* [PROBLEM DESCRIPTION]: Word for word, transcribe every line from the one holding "玄関からLDKにつながる廊下" through the end of the records, but not the pictures.

:: EXERCISE DATA

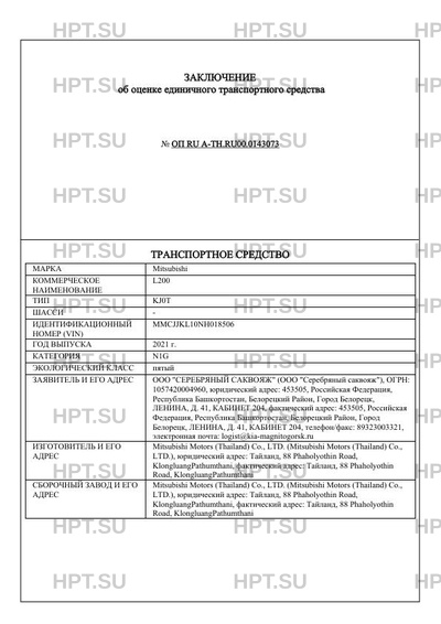 | Предприятие-изготовитель | Mitsubishi Motors (Thailand) Co., LTD. |
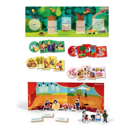 Il gioco perfetto per i piccoli narratori che potranno ricostruire le fiabe, conoscere la struttura narrativa e le basi del teatro e imparare a raccontare tante storie.
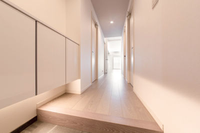 玄関からLDKにつながる廊下は、天井を組み直して天井高を確保。通路の幅も広げ、間接照明を設置することでイメージも一新。
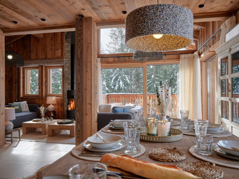 La pièce de vie aménagée au premier étage est baignée de lumière, grâce à de hautes baies vitrées et des portes-fenêtres donnant sur un ravissant balcon d’angle. De là, la vue sur le mont Charvin et les Aravis est absolument sensationnelle. Deux vastes canapés vous permettront de vous rassembler autour du poêle à bois pour vous raconter les aventures de la journée. Vous n’y trouverez pas de télévision, car le Chalet Marmot’Inn mise sur la convivialité.
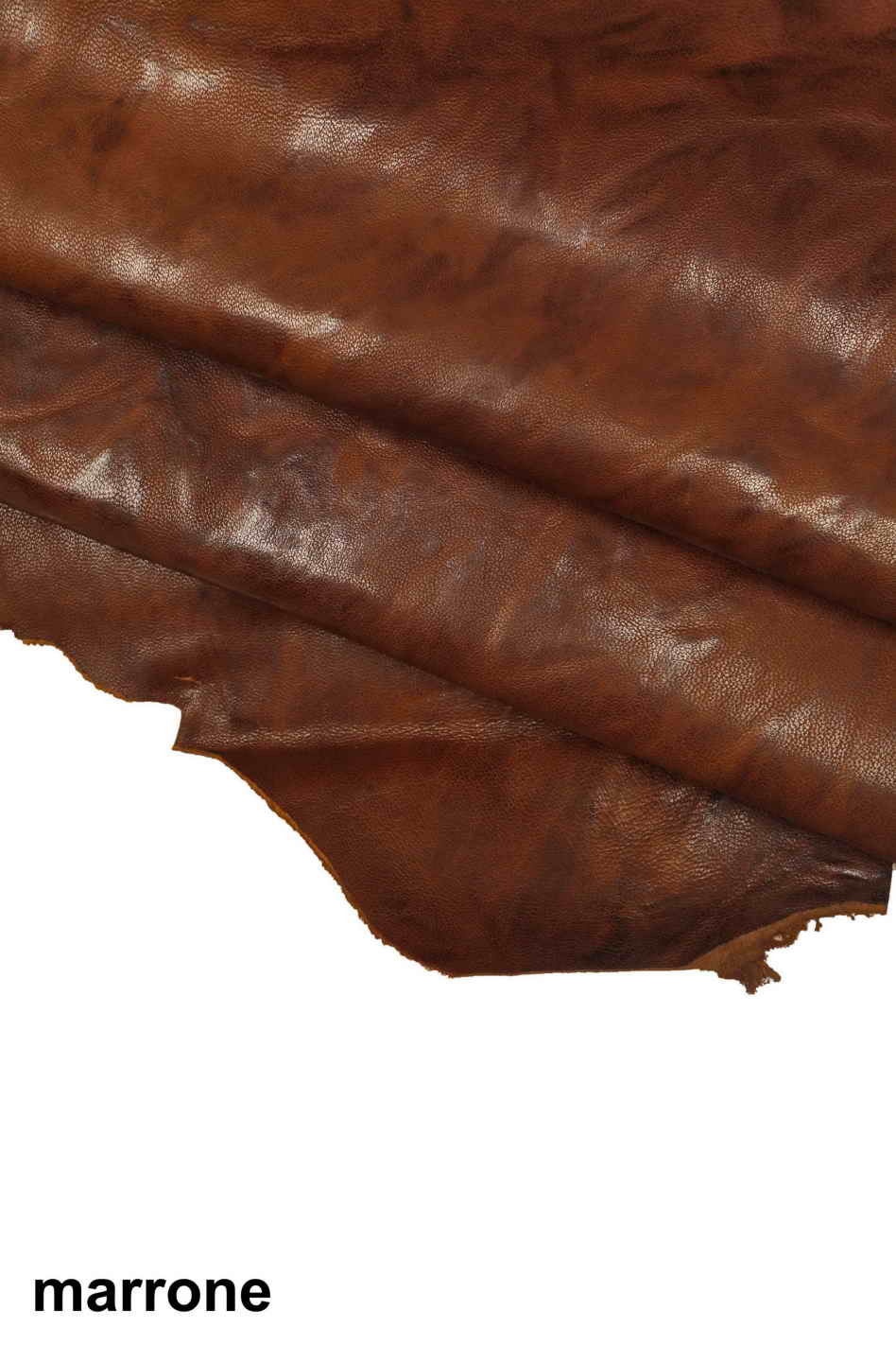 PELLE concia VEGETALE - Pellami stropicciati tono marrone, pellame nappa montone lavata vintage sportivo

::::

* [RESULT BELOW]:
 玄関からLDKにつながる廊下は、天井を組み直して天井高を確保。通路の幅も広げ、間接照明を設置することでイメージも一新。
 La pièce de vie aménagée au premier étage est baignée de lumière, grâce à de hautes baies vitrées et des portes-fenêtres donnant sur un ravissant balcon d’angle. De là, la vue sur le mont Charvin et les Aravis est absolument sensationnelle. Deux vastes canapés vous permettront de vous rassembler autour du poêle à bois pour vous raconter les aventures de la journée. Vous n’y trouverez pas de télévision, car le Chalet Marmot’Inn mise sur la convivialité.
 PELLE concia VEGETALE - Pellami stropicciati tono marrone, pellame nappa montone lavata vintage sportivo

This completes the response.